Posted by jstevrtc on October 19th, 2009

seasonpreview

Predicted Order of Finish:

East

  1.      Southeastern Louisiana (12-4)
  2.      Nicholls State (11-5)
  3.      Stephen F. Austin (10-6)
  4.      Northwestern State (7-9)
  5.      McNeese State (5-11)
  6.      Central Arkansas (4-12)

West

  1.      Sam Houston State (13-3)
  2.      Texas-San Antonio (11-5)
  3.      Texas A&M-Corpus Christi (10-6)
  4.      Texas-Arlington (9-7)
  5.      Lamar (7-9)
  6.      Texas State (6-10)

All-Conference Team:

  •    Marquez Haynes (G), Sr, Texas-Arlington
  •    Ashton Mitchell (G), Sr, Sam Houston State
  •    Anatoly Bose (F), Jr, Nicholls State
  •    Kevin Palmer (F), Sr, Texas A&M-Corpus Christi
  •    Corey Allmond (G), Sr, Sam Houston State

6th Man. Devin Gibson (G), Jr, Texas-San Antonio

Impact Newcomer. Rodney Jones (G), Jr, Southeastern Louisiana

What You Need To Know.  The Southland is comprised of twelve schools over three states (you can probably figure them out from the schools’ names).  The conventional wisdom says that the league is “West-heavy,” though we feel that’s giving Southeastern Louisiana and Nicholls State a little less credit than they deserve.  Stephen F. Austin was last year’s representative in the NCAA Tournament but they lost their two best players from last year (actually, the conference’s last two Players-Of-The-Year!), Josh Alexander and Matt Kingsley.  And, with transfers and new freshmen, half of their personnel are totally new.  Since the 1985 NCAA Tournament, the Southland’s tournament representatives have logged only two wins in the Big Dance, both by Northwestern State:  2001’s play-in game against Winthrop, and that thriller against #3-seed Iowa in 2006.

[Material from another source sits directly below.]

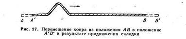 Развитие сдвига в кристалле при скольжении в нем краевой дислокации помогает также понять следующая аналогия (рис. 27). Ковер из положения AB можно переместить в положение A’В’ протаскивая его по полу как единое целое. Точно такой же конечный результат дает продвижение складки от одного края ковра до другого, но в этом случае в каждый момент времени требуется затрачивать меньшее усилие, чем при протаскивании по полу целиком всего ковра. Интересно, что змеи обычно ползают за счет образования складки («положительной дислокации») около хвоста и продвижения этой складки в сторону головы.
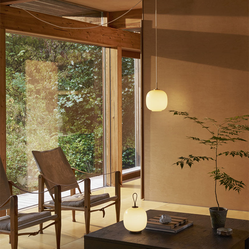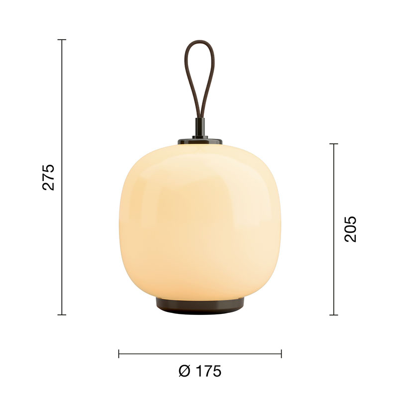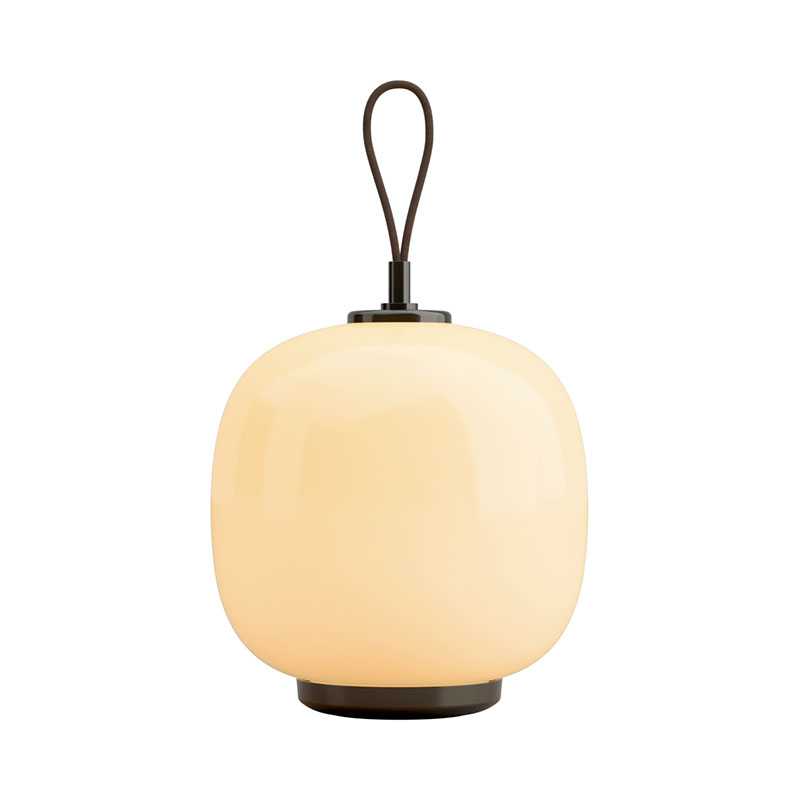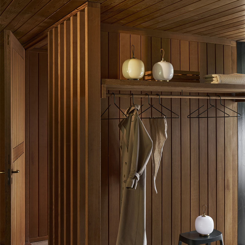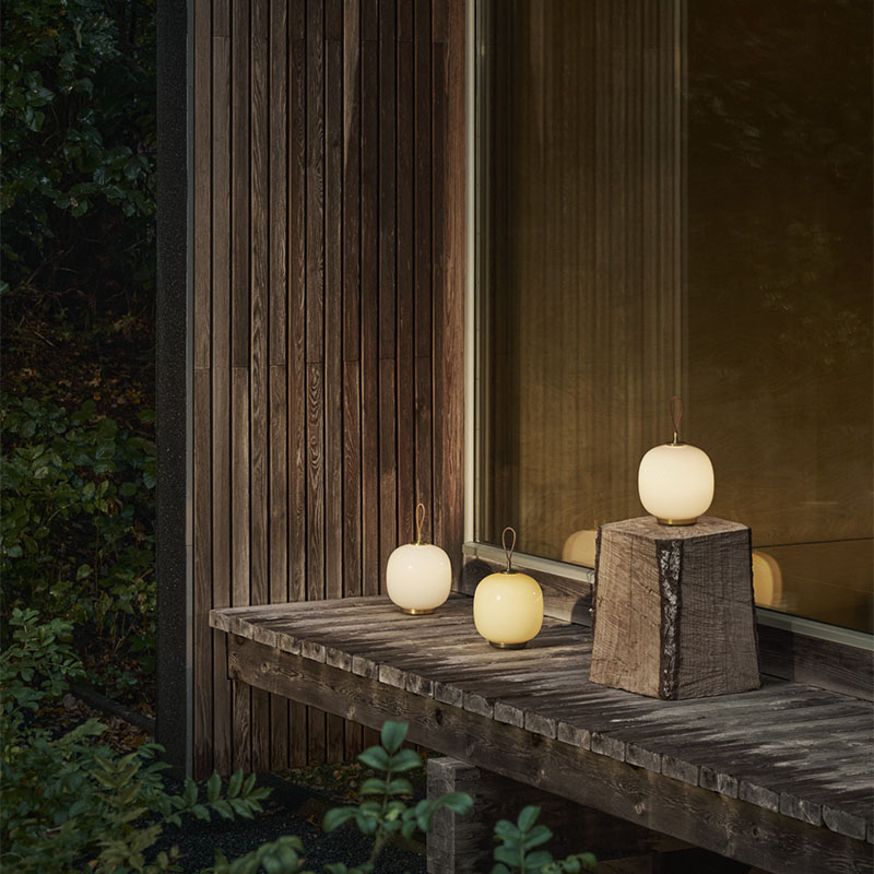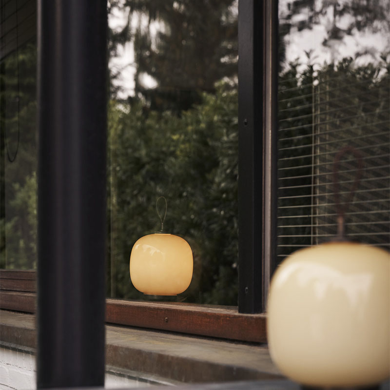 VL 45 ラジオハウス ペンダントをベースにした「VL 45 ラジオハウス ポータブルランプ」は、屋内外問わずどこでも持ち運びができ、クラシックなハンドメイドのオパールガラスが光と雰囲気を演出します。

Predicted Champion.  Sam Houston State (NCAA Seed: #14).  Ashton Mitchell and Corey Allmond are a formidable guard combo who blend together seamlessly; Mitchell was 8th in the nation in assists (6.5 APG) last season and averaged 12.5 PPG as well, while Allmond is more than happy to accept those dimes from Mitchell as the leading returning scorer (15.3 PPG) on the team and ranking 4th in the conference in 3FG% (43.4).  Senior forward Preston Brown will see a rise in minutes and touches as the main inside scoring threat though he’ll be partnered with Gilberto Clavell, a promising junior college transfer.